Author: Rhian D. Block
rhian@vazoom.com
who the heck am I ? I am a Senior Level IT Consultant with 2 cats!
NOTE: THIS ARTICLE IS STILL IN A DRAFT STATE AND I AM STILL FINISHING IT UP! Don't YELL about my Grammar!
=======
In my July 24th blog entry I listed the methods to remove the Trojan virus which would insert itself into the APPInit_DLLs registry key.
The method of renaming the Windows folder to a new name temporarily in order to remove the bad entry worked fine for the workstation that originally inspired me to write the article.

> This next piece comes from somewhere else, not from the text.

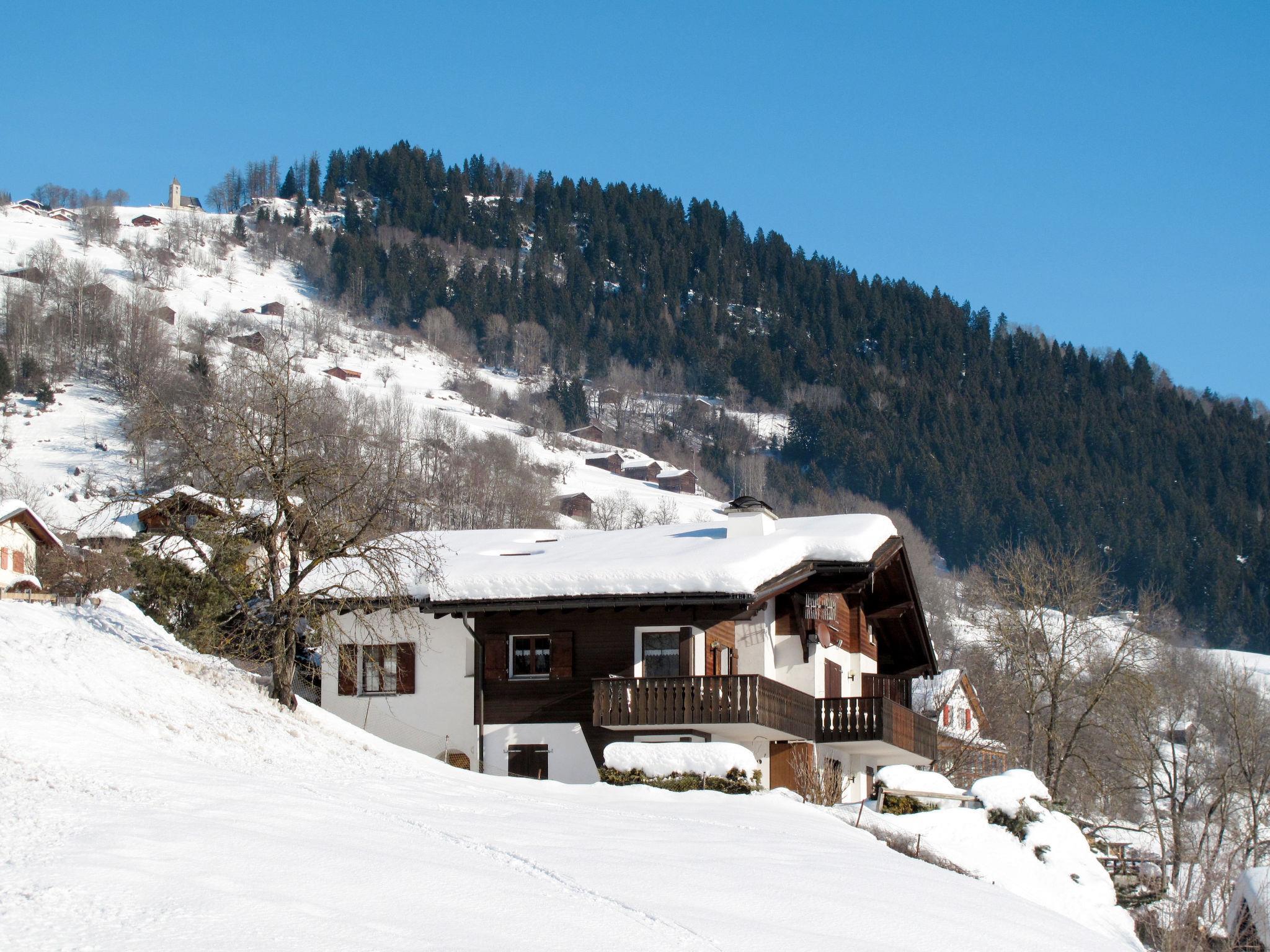 Schluein 4 km von Laax: Gemütliches Mehrfamilienhaus "Muotta Sulegl", 770 m.ü.M., auf 3 Stockwerken. Im Ort, 400 m vom Zentrum von Schluein, ruhige, sonnige Lage am Hang, 6 km vom Skigebiet. Im Hause: Sauna (extra). Skiraum, Zentralheizung. Zufahrt bis zum Haus. Treppenweg bis zum Haus. Parkplatz beim Haus. Einkaufsgeschäft 2.8 km, Supermarkt 2 km, Restaurant 400 m, Bushaltestelle "Schluein, vitg" 250 m, Bahnstation "Ilanz" 2.8 km. Golfplatz (9 Loch) 5 km, Luftseilbahn 6 km, Skilift 6 km, Sessellift 6 km, Skisportanlagen 6 km, Skipisten 6 km, Skibushaltestelle 350 m, Skischule 6 km, Schlittelbahn 6 km, Langlaufloipe 5 km. Nahe gelegene Sehenswürdigkeiten: Rheinschlucht 6 km. Bekannte Skigebiete sind gut erreichbar: Weisse Arena Flims/Laax 6 km. Bekannte Seen in der Umgebung sind gut erreichbar: Caumasee 10 km.

Today however I came across another machine which was infected with the Download.Trojan and was not basically fixed until I performed other steps.

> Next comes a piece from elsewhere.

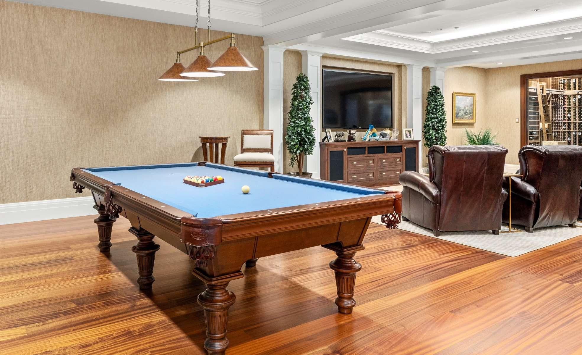 Equipped with professional grade appliances and custom mahogany cabinets, the epicurean kitchen is ideally suited for cooking and entertaining. Double islands and a large butler’s pantry ensure plentiful space, while a reclaimed delft tile backsplash and dazzling pendant lights contribute to an inviting ambience where the whole family can gather.
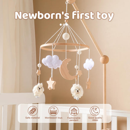 • Soft Sound --No harsh or random music, just gentle bells for a peaceful sleep environment. Our mobiles for crib use small bells to make soft sounds, which are of great help to baby's sleep.

To start, I renamed the 'Windows' folder to 'Windows2' and then deleted the entire APPInit_DLLs entry on the right side of the regedit screen. I refreshed the screen by use of the F5 key and to my suprise this Trojan had created a new entire 'Windows' registry Key!! So now I had a 'Windows' and 'Windows2' key listed in my registry! Doh!
Finally after working on the issue for over 45 minutes. In the Windows\System32 resided the .dll which was being called during every program opening. Attempting to delete this file proved to be impossible as the command line spit back that Access is Denied.
Hmmmm so now what. Well this worked for me.
1. Reboot the computer into Safe Mode with Command Prompt
2. Go to the Windows\System32 folder
3. Type ren fileshowninregistrykey.dll deleteme.dll
4. Reboot the computer back into safe mode with networking. Open regedit and navigate to the path described in the July 24th article. Remove the entire APPInit_DLLs key line. If possible download or run an updated copy of Adaware or Spybot to get the system clean afterwards.
5. Reboot back into normal mode
6. Eventually Norton or Symantec will pop up telling you that is has quarantined the deleteme.dll file.
7. Open up the quarantine and delete its contents.
Your machine should now be saved and the Symantec dialog box should no longer pop up whenever you click to open a program.
A bit more to come but that is the big part of it.